Then there is a vertex $v$ whose removal splits $G$ in at least two connected components. Let $C$ be one of these components.

We'll just count the number of edges in $C$ and run into a problem. Suppose without loss of generality that $v \in Y$. Now, $C$ induces a bipartite graph, say with parts $X' \subset X$ and $Y' \subset Y$. Let $x = |X'|$ and $y = |Y'|$. Also, let $i$ be the number of edges going from $v$ to $C$. We have that $0 < i < k$. It turns out the bounds on $i$ are important, but I'll let you figure out why exactly we must have that.

Let $e_C$ be the number of edges in $C$. We have $e_C = x \cdot k - i$, since every vertex in $X'$ is of degree $k$, but the edges going to $v$ are not in $C$. Also, $e_C = y \cdot k$, since $Y'$ has no edges going out of $C$. Therefore $x \cdot k - i = y \cdot k$ and thus $x - \frac{i}{k} = y$. Since $y$ is the number of vertices in $Y'$, it is an integer, meaning that $i$ is a multiple of $k$. But $0 < i < k$, which makes it impossible.

Note that we never assumed $G$ was a simple graph, and this holds even if we have multi-edges.

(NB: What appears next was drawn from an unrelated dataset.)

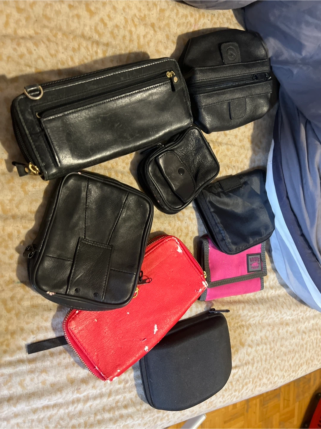 Selling a mixed lot of wallets and small bags. There are various styles and colours, including black and red. Some show signs of wear, as pictured. Great for organizing or repurposing!

EDIT : I seem to have missed the point of the question, as commented. The specific problem at hand is when $n = 2$. It does look there there are problems in the statement, and that you need n>2. Every definition of vertex-connectivity I came across states that a complete graph of n vertices has connectedness n−1 (even when extended to multigraphs). So the graph you speak would not be 2-connected. I think it's a mistake, and this happens sometimes in the literature with the special cases that are considered 'trivial'.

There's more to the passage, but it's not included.